Anyways I was traumatised years ago by my STBX in a BDSM stunt that involved unconsented torture, cussing, and eventual begging. I still eventually forgave her even though I banned BDSM play. On February I guess a part of me also wanted to face this fear, amongst other reasons, with BDSM.

I'm already mostly over it, but I just wonder if I should kick myself for evoking safewords, that's all. Considering this was the last straw of disappointment that switched STBX's desire from wanting to reconcile to giving up.


----------



## lifeistooshort (Mar 17, 2013)

Well in that case my rant applies to your stxw. You are not obligated to try anything you don't want, and the fact that she deems her judgment superior to yours and seems to care nothing for how it might affect you tells me you're well rid of her. Sorry your went through that.
_Posted via Mobile Device_


----------



## RandomDude (Dec 18, 2010)

Thanks, then I guess I can put this issue to rest, no regrets right?

Unless someone wants to jump in and tell me that STBX has a point


----------



## bailingout (Jan 25, 2013)

RandomDude said:


> I'm just concerned based on her accusations that I was a "wimp", she took it back sure but she surely meant it at the time.


I guess I'd wonder if her "initial" comment of "wimp" was the one she truely felt or was it her inability to control her own responses. IMO, to "take it back" is MY back peddle for my true feelings or trying to cover up the simple fact I couldn't control myself to begin with. 



RandomDude said:


> I still backed out of a challenge.


Not sure how I feel about a "challenge" like this. H challenging me to race to the corner, sure, but a challenge in an act of BDSM, after I was "tortured"....Don't think I'd go there.



RandomDude said:


> Sure if I had given in, I would have run the risk of getting tortured (again), or we would have had a breakthrough night where I could have learnt to trust her, and where she could have realised that I did care about us.


IMO she broke the trust the first time she "tortured" you. You did show you cared the first time you agreed to try it, and you got tortured.



RandomDude said:


> Making a big deal about this has cost me my marriage..


Would it have cost you your marriage had she not done what she did initially?

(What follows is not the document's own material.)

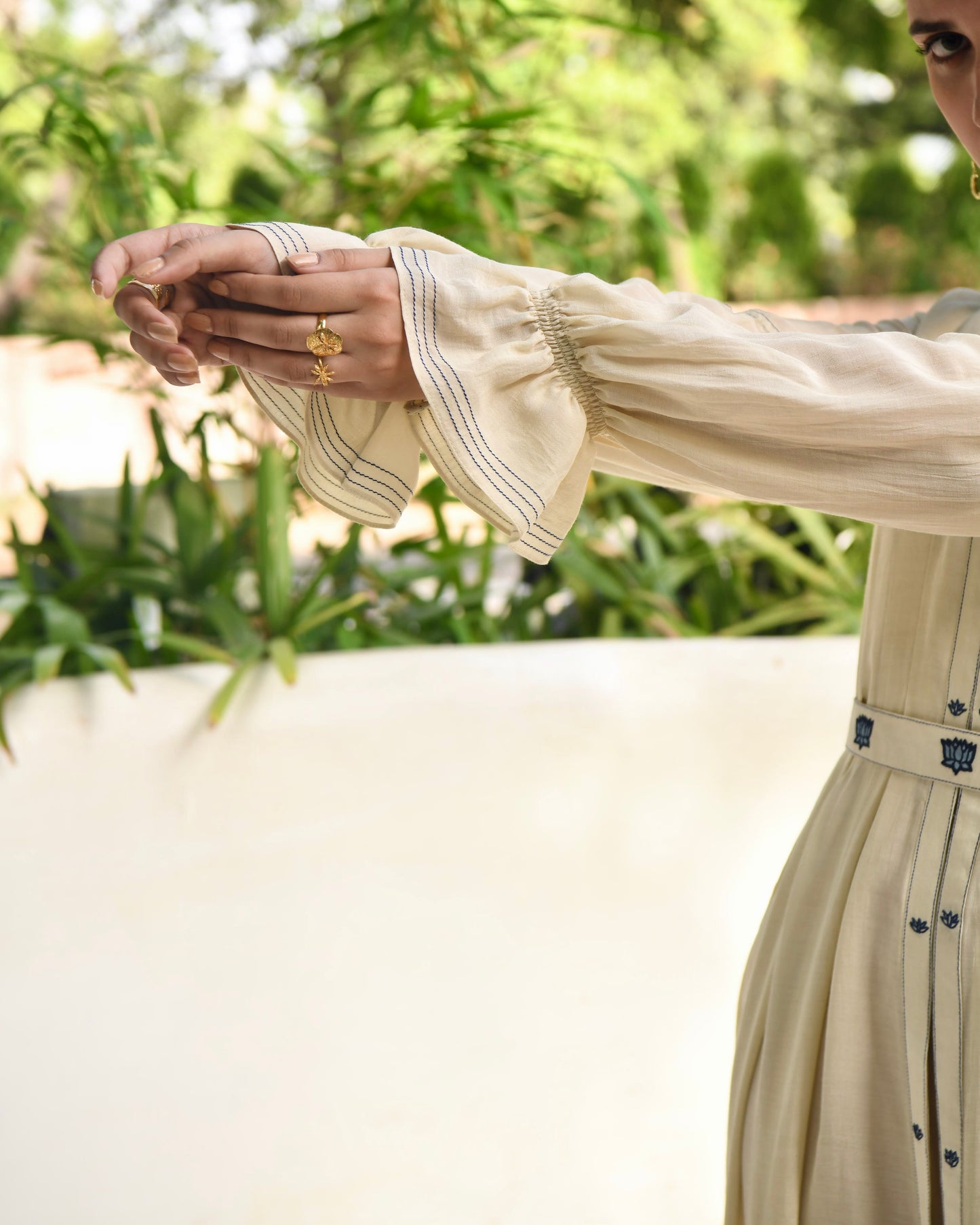 It’s an A-line dress made in hand loomed Banglori siilk fabric that has statement heavily embroidered placket and knife pleats from shoulders to bust. It s V-neckline and statement sleeves adorned with thread details. It comes along with side pockets and hand embroidered flowers patched on detachable belt.

I mean, she's into BDSM, you agreed to try and she violated your trust...please don't take all the blame for this.



RandomDude said:


> she did let me go without drama, eventually.

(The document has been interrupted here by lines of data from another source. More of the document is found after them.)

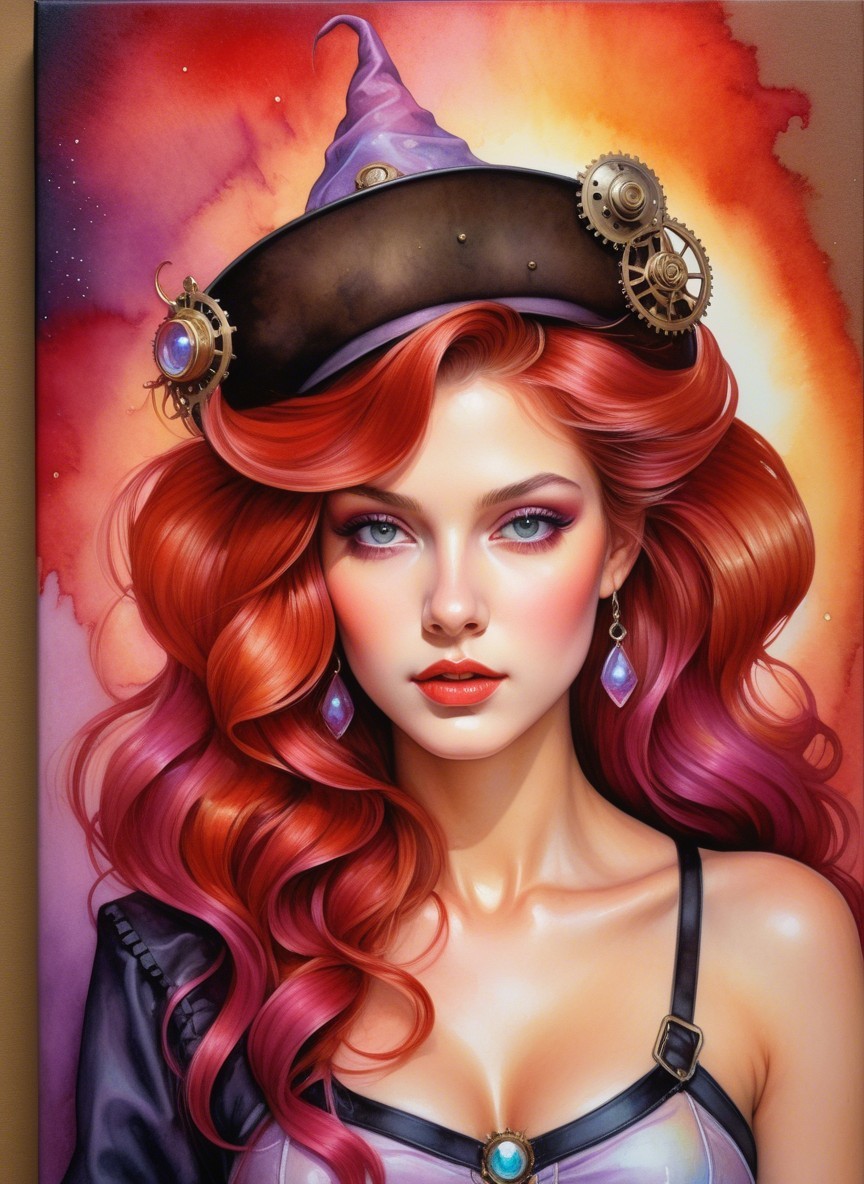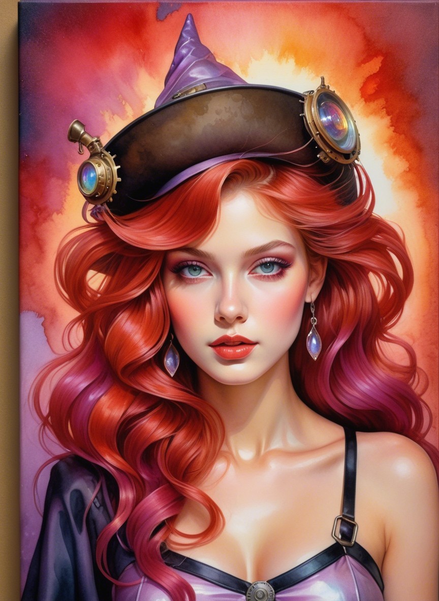 Figurative Art, Color glitch, melted, headshot, tiny strokes, iridescent Watercolor overspray, fantasy art by Paul kidby, pastel colors of beige red lilac, young witch with magical hat, wide-brimmed hat, striking steampunk details, bioluminescent eyes, liquid-pearlescent-plasma and prismatic tilting, 3d effects, contouring outlines by Susan Seddon Boulet, multi-layered, multi perspective, chromatic induction, hues by ho baron, sculpted, chromatic induction, flowing hair illusion 1.7, retrofuturistic, (stylized geometrical patterns, (Color palette is warm jewel toned colors: black, silver, red, grays, chrome & graphite)9:5), natural elements, stacked-up perspective, charcoal textures 1.3, dynamic lighting 1.7, 3d effects 1.3, shrill, mystical, harmonious color palette, soft blue, pinks, opalescent whites, light reds, soft pink highlights, warm purple, highly colored and designed patchwork in textiles & background, Structured maximalism, otherworldly, gradient color inking, muted tones of beige and gre, 3 point lighting from bottom, chrystalline hairstyle, blotting paint, squiggly line-art reminiscence, dark fantasy art merged with pulp art, abstract, physically based, retrofuturistic style by Marsden Hartley and stan lee, stacked-up perspective, stylized pop art illustration merged with storybook illustration, high coloring, precise Gelsculpt 64K, parallax occlusion 1.2, shadow mapping 1.7, layered, 3 point lighting, diffused light, soft rounded edges, dappled dynamic lighting 1.2, tesselated, stippled, contouring outlines by Marsden Hartley, hues by Susan brack, RAW photo, octane render illustration, juvenile, perfect handsface, peeling paint, cel-shaded, 135 mm photography, rule of thirds, line-art patchwork, sculpted, baroque, divisionism, quilling, quaint, joyful atmosphere, overall composition by M. von Brauchitsch, debeh effects, bokeh, beautiful, ultra detailed, reminiscent of style by Catrin Welz-Stein and Endre Penovac and Kaia Coopman
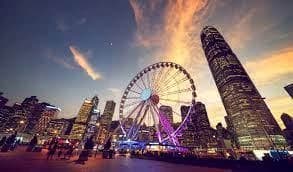 The Hong Kong Observation Wheel (abbr. HKOW) is a 60-metre (197-foot) tall Ferris wheel located at the Central Harbourfront, Central, Hong Kong.It has 42 gondolas, including one VIP Gondola with leather seats and a clear glass bottom floor. All gondolas are equipped with air conditioners and communication systems. Each ride includes two to three rotations and takes about 15 minutes. Each gondola seats a maximum of eight people, other than the VIP Gondola, which seats five people.
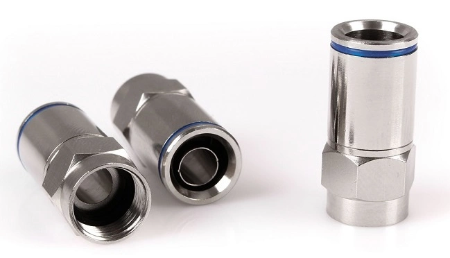 Selbstdichtender F-Typ-Stecker mit einem Durchmesser von 7,4 mm mit Dichtung für den Anschluss von Antennenkabeln. Der Stecker kann sowohl in Innenräumen als auch im Freien verwendet werden.
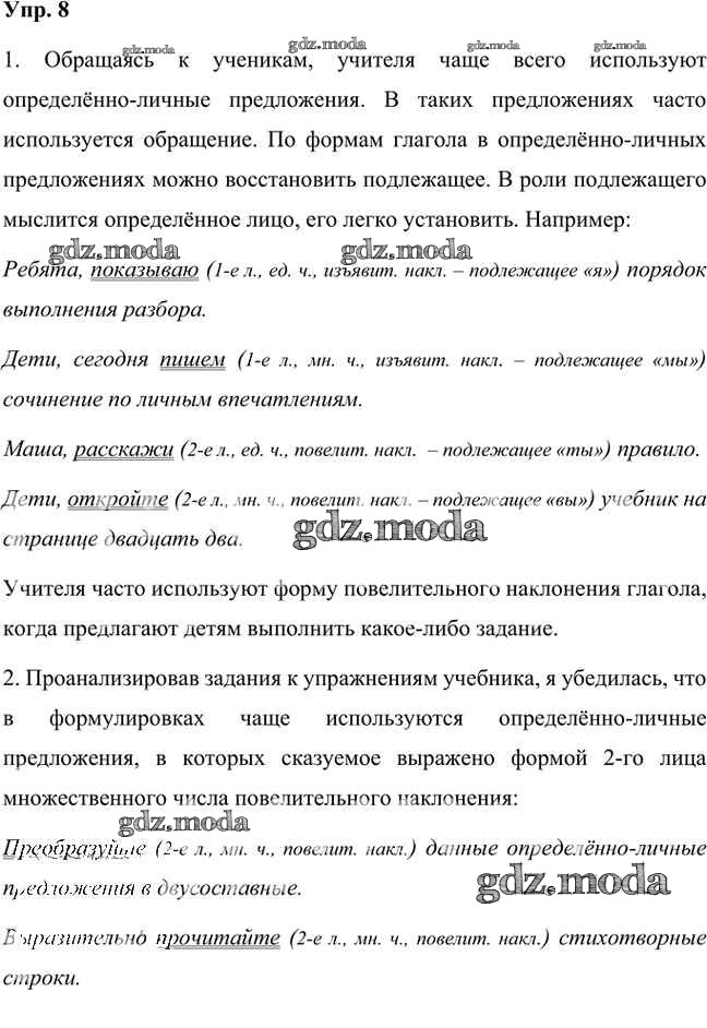 ГДЗ решение к заданию № 8 Русский язык 8 класс Быстрова Е.А. Русское слово 2019 Часть 1, Часть 2 ФГОС бесплатно на гдз.мода!
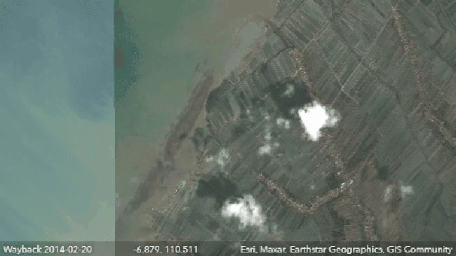 Rekaman citra satelit yang diperoleh dari situs Living Atlas menunjukkan, dari tanggal 20 Februari 2014 sampai 24 Februari 2021, daratan yang membentang di depan pantai Desa Surodadi itu belum tampak.
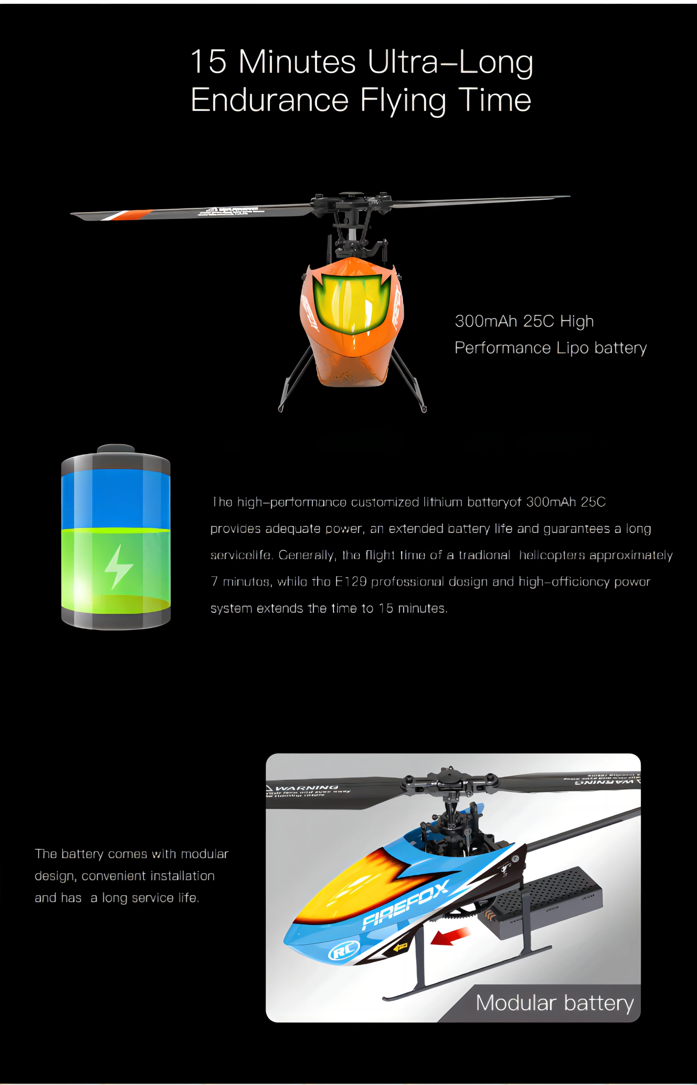 - Flying time : 15 minutes

"Eventually" is the key word to me. 



RandomDude said:


> So, this haunts me I guess. "Did my fear play a part in all this mess?", that's the question that is circling my head at the moment.


I'm sure your fear does play a part, but, the fear had to start somewhere. Guess it all boils down to "where did it start?"

RD- I don't know your whole story but I truly hope you are able to get through this. Good luck.


----------



## bailingout (Jan 25, 2013)

RandomDude said:


> Anyways I was traumatised years ago by my STBX in a BDSM stunt that involved unconsented torture, cussing, and eventual begging. I still eventually forgave her even though I banned BDSM play. On February I guess a part of me also wanted to face this fear, amongst other reasons, with BDSM.
> 
> I'm already mostly over it, but I just wonder if I should kick myself for evoking safewords, that's all.
> Considering this was the last straw of disappointment that switched STBX's desire from wanting to reconcile to giving up.


Traumatized years ago by stbx and you forgive her. That's awesome. 

Deciding years later to face the fear (caused by her initially), congrats for trying to grow and move on. That's awesome too.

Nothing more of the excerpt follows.